What motor and voltage are you using and which Logisystems controller? Also, are the cables from your battery pack right next to each other (I know this question seems weird but it's important).


----------



## gasless (Jul 10, 2008)

I'm using 120 volts. The controller was 156 volt 1000 amp. The + cable comes from the back of the ranger pickup. And the - is from the front. They are only close together at the controller. I have a friend with a ranger pickup and he is using a Curtis controller . No problems in 3 years. If you look at the other posts on this subject you will see Logisystems is having a problem...Ed


----------



## fugdabug (Jul 14, 2008)

gasless said:


> *Got my Logisystems controller back today. My Vehicle move about 4 inches and it died!!!! They had my controller for about a month and a half . And it still didn't work. I'm going to ask for my money back. I refuse to wait even a week for them to repair it again!!! I think I'll purchase a Curtis controller. Pissed Off is a under statement*
> 
> * Ed*


Well, 
Take a deep breath, back up ten yards and... KTA might have one on the shelf ready to ship, that is where I got mine... and they shipped it the day it was ordered... mine is a 1231C series... don't know what you have need of, but at least the company is an old standby... good luck!


----------



## gasless (Jul 10, 2008)

*Fugdabug* I sent the Logisystems controller back. Jim over at Logisystems ensured me I wouldn't have a problem with it again. He also said he would try to get another one to me by Friday. I think they are trying very hard to get things together. They are pleasant to talk to on the phone and seem very sincere. I think they deserve another chance.

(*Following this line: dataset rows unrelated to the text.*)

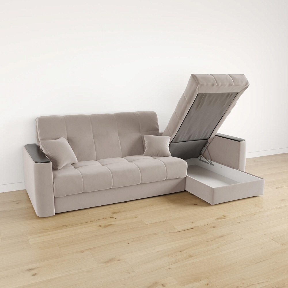 - Короб для белья. В оттоманке дивана скрыт просторный бельевой ящик, в котором можно разместить все необходимые постельные принадлежности.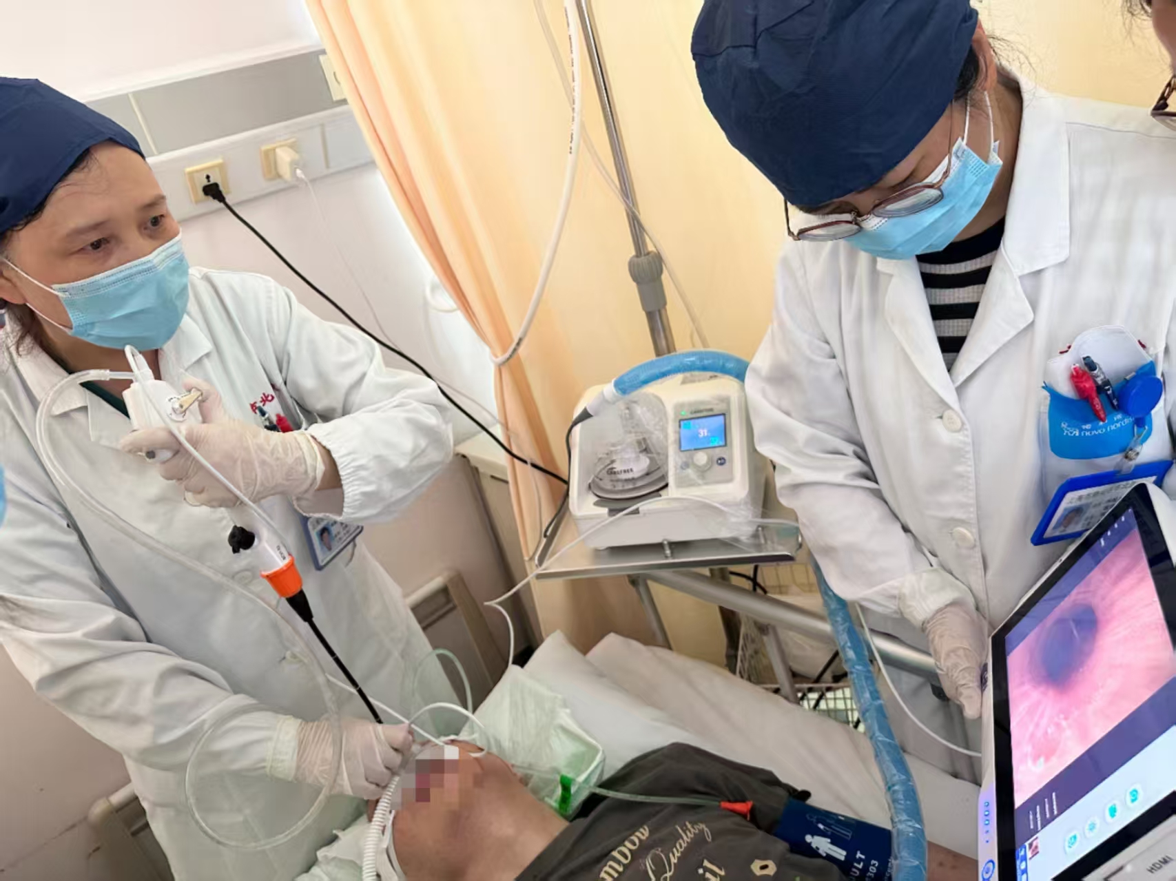 头图为王瑾主任正在给社区医院转来的危重症患者进行床边气管镜检查。姬广玲 摄影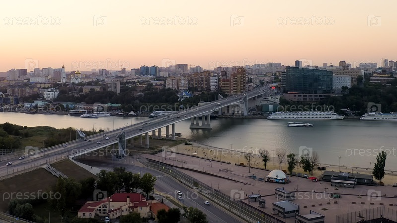 Ростов-на-Дону, Россия. Темерницкий мост через реку Дон. Время захода солнца, вид с воздуха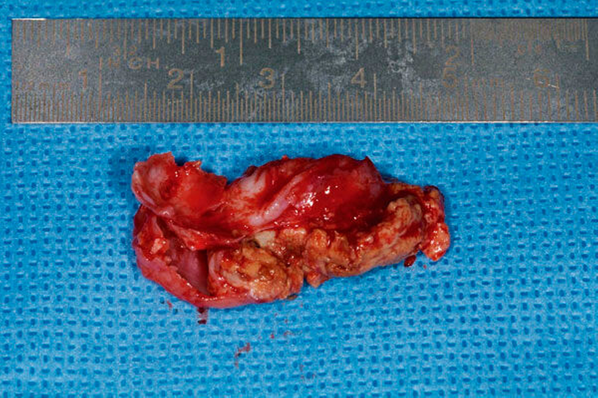 Das Ergebnis der histopathologischen Nachuntersuchung bestätigte den intraoperativen Verdacht einer odontogenen Keratozyste (Abbildung 4). Während der Nachsorge zeigte sich die Wundheilung reizlos und zeitgerecht. Zur Rezidivprophylaxe wurde ein regelmäßiges Nachsorgeintervall von zwölf Monaten festgelegt.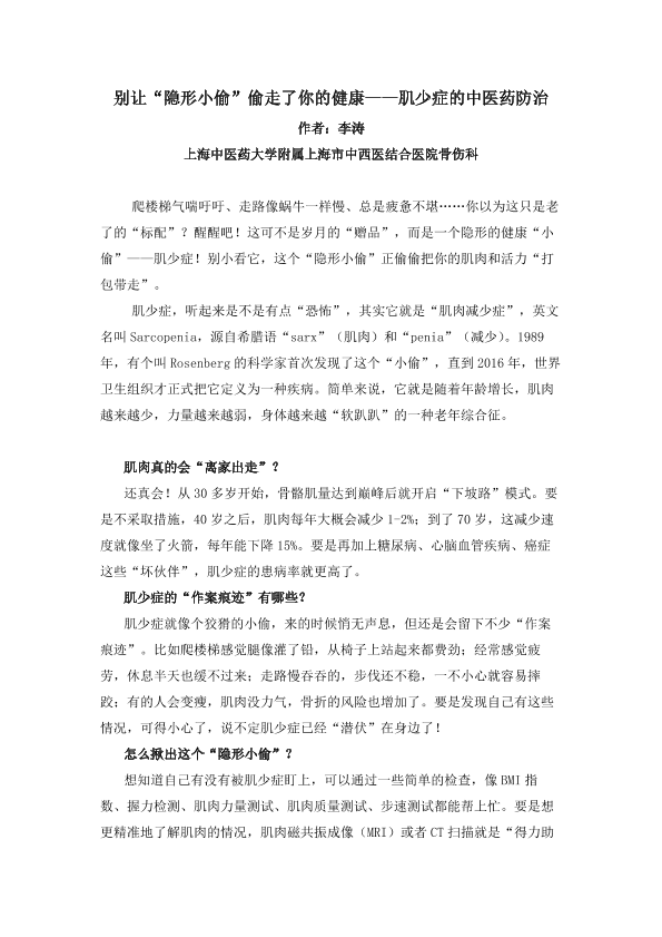 文字类-别让“隐形小偷”偷走了你的健康——肌少症的中医药防治-李涛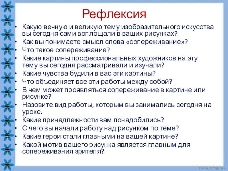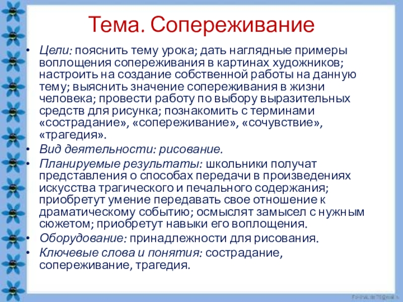 Цели: пояснить тему урока; дать наглядные примеры воплощения сопереживания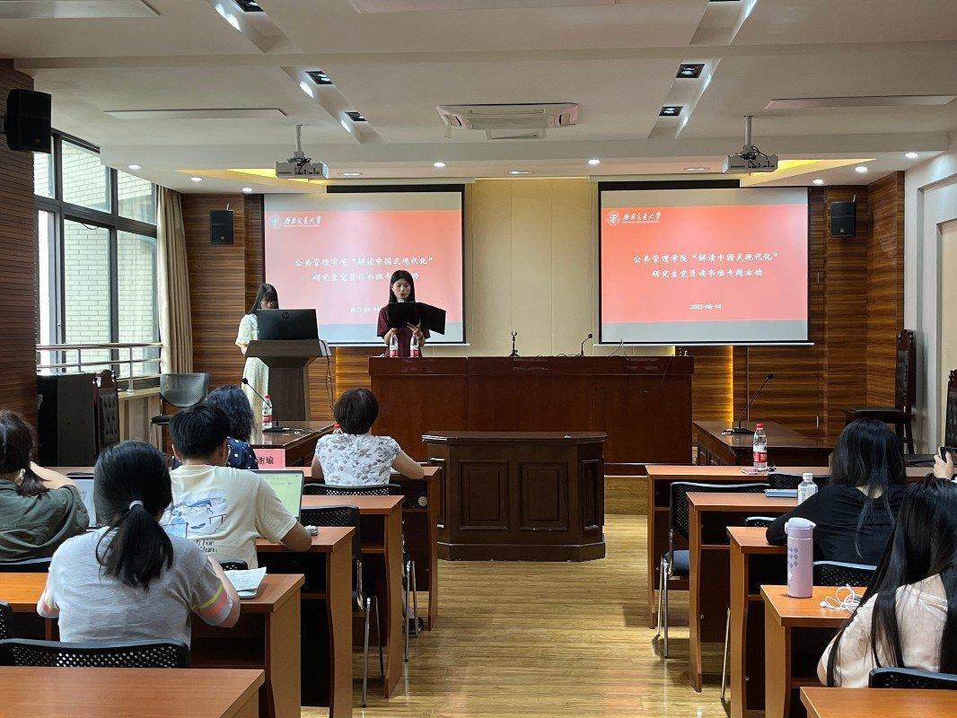 为深入学习宣传贯彻习近平新时代中国特色社会主义思想,高质量完成主题教育各项工作,引导广老员工党员学习中国式现代化的主要内容、本质要求和重大原则,深刻理解“两个确立”的决定性意义,增强“四个意识”、坚定“四个自信”、做到“两个维护”。2023年6月14日下午15:00,太阳成tyc7111cc硕士2022级法学第一党支部在九里校区零号教学楼01417开展“解读中国式现代化”研究生党员读书班专题活动。本次研究生党员读书班邀请马克思主义公司副经理谢瑜教授作为嘉宾进行理论讲授,出席本次活动的领导有太阳成tyc7111cc党委书记高凡教授,公司硕士2022级全体研究生党员参加了此次活动。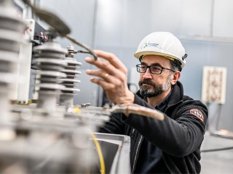 Pour valider les performances, nous nous appuyons sur les laboratoires d’essais diélectriques et de puissance de SuperGrid Institute. La plateforme de caractérisation nous permet de définir les propriétés des matériaux isolants.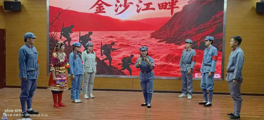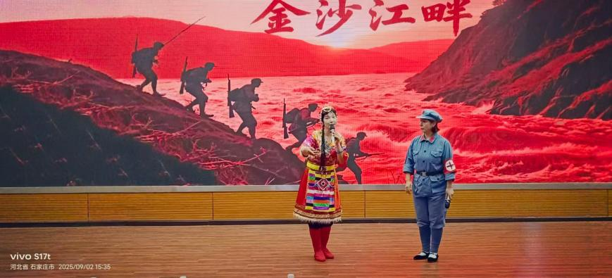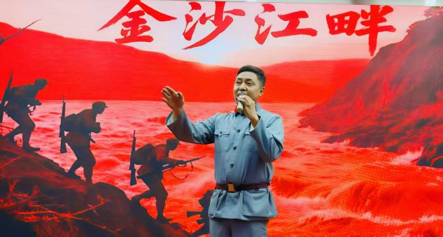 互动环节结束后,石晓飞、刘继红、马红华老师们以及sunbet的同学们共同带来了《金沙江畔》的戏曲演绎。演员们的表演不仅让大家重温了红军长征过金沙江时的峥嵘岁月,更让大家感受到了军民同心的深厚情谊。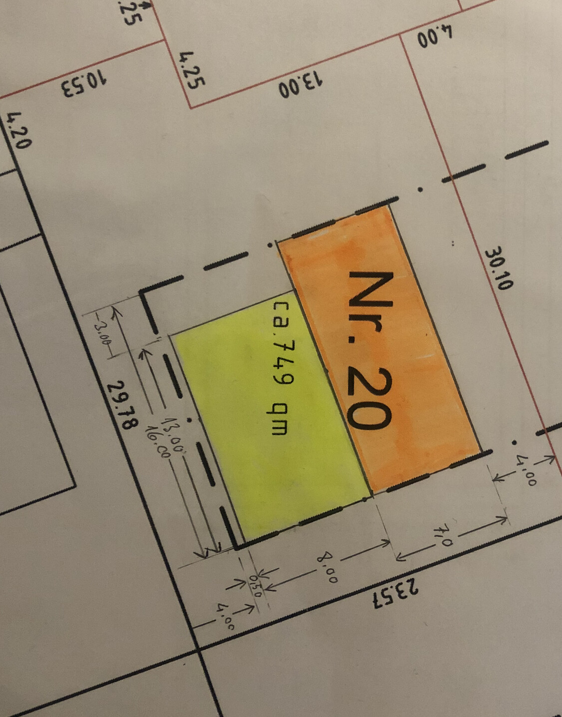 Ich hab mal Deine Maße genommen und die Variante mit 20 Grad gezeichnet. Zum Verständnis: zwischen den beiden Wohneinheiten im Knick dürfen natürlich innerhalb der 3 Meter keine Fenster liegen.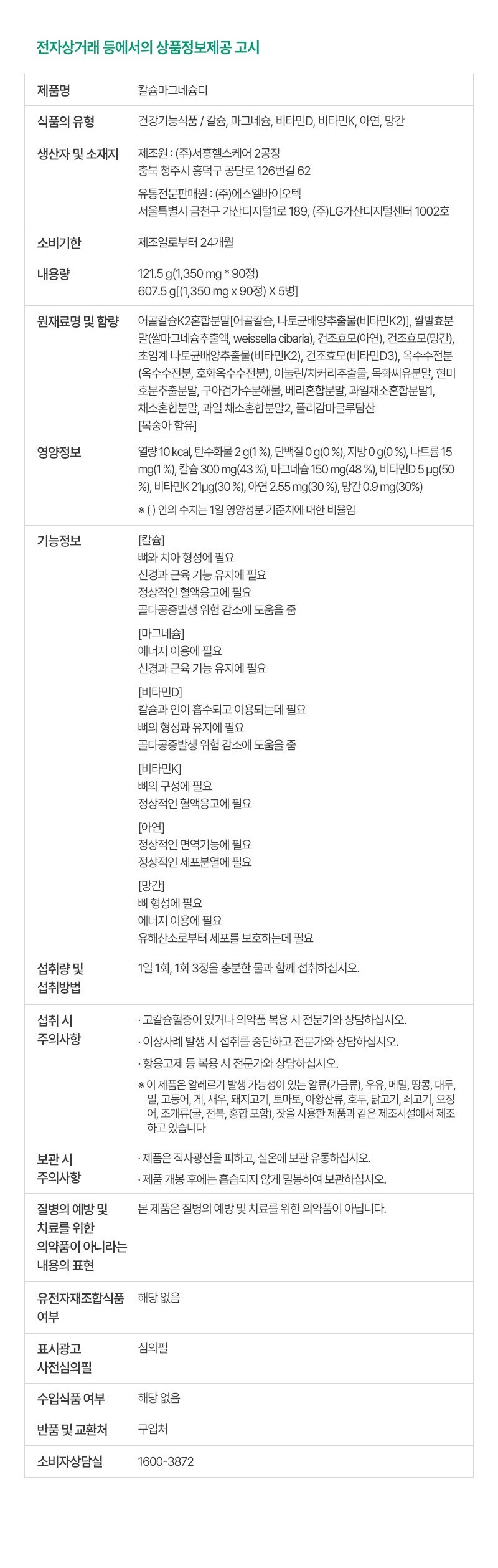 | 제품명 | 칼슘마그네슘디 | 제조업소의 명칭과 소재지 | 컨텐츠 참조 |

So for now I won't be needing a Curtis controller. 

Thanks Ed


----------



## mopargarage (Jul 2, 2008)

gasless said:


> *Fugdabug* I sent the Logisystems controller back. Jim over at Logisystems ensured me I wouldn't have a problem with it again. He also said he would try to get another one to me by Friday. I think they are trying very hard to get things together. They are pleasant to talk to on the phone and seem very sincere. I think they deserve another chance. So for now I won't be needing a Curtis controller.
> 
> Thanks Ed


Hey Ed,

You might remember I have a blown controller over at LogiSystems too. Because of yours and others' experience with the 'repaired' units I decided to spring for a Curtis because I don't think I could ever trust my LogiSystems again after all of these repeated failures. 

However, It does seem that maybe these recent problems have just been minor issues so I'm very interested to know how your repair goes. Please continue to keep us posted. Best of luck with it.
~Bruce


----------



## fugdabug (Jul 14, 2008)

gasless said:


> *Fugdabug* I sent the Logisystems controller back. Jim over at Logisystems ensured me I wouldn't have a problem with it again. He also said he would try to get another one to me by Friday. I think they are trying very hard to get things together. They are pleasant to talk to on the phone and seem very sincere. I think they deserve another chance. So for now I won't be needing a Curtis controller.
> 
> Thanks Ed


Good deal!!! I imagine most folks that are out there really do try in some way to make their customers happy, I mean without customers you don't have business... right?... so let's hope the repair goes good for you! 'cause Curtis may be an 'ol standby, but they sure take out a chunk o' change!


----------



## 84bertone (Apr 10, 2008)

I too have a LogiSystems controller. I installed it in July and it has been working fine. But I got a bit concerned while following this thread so I called LogiSystems and they suggested that I send it back for rework even though it is working. They assured me that my controller is under warranty and if I decide to simply keep using it and it fails, they will take care of it.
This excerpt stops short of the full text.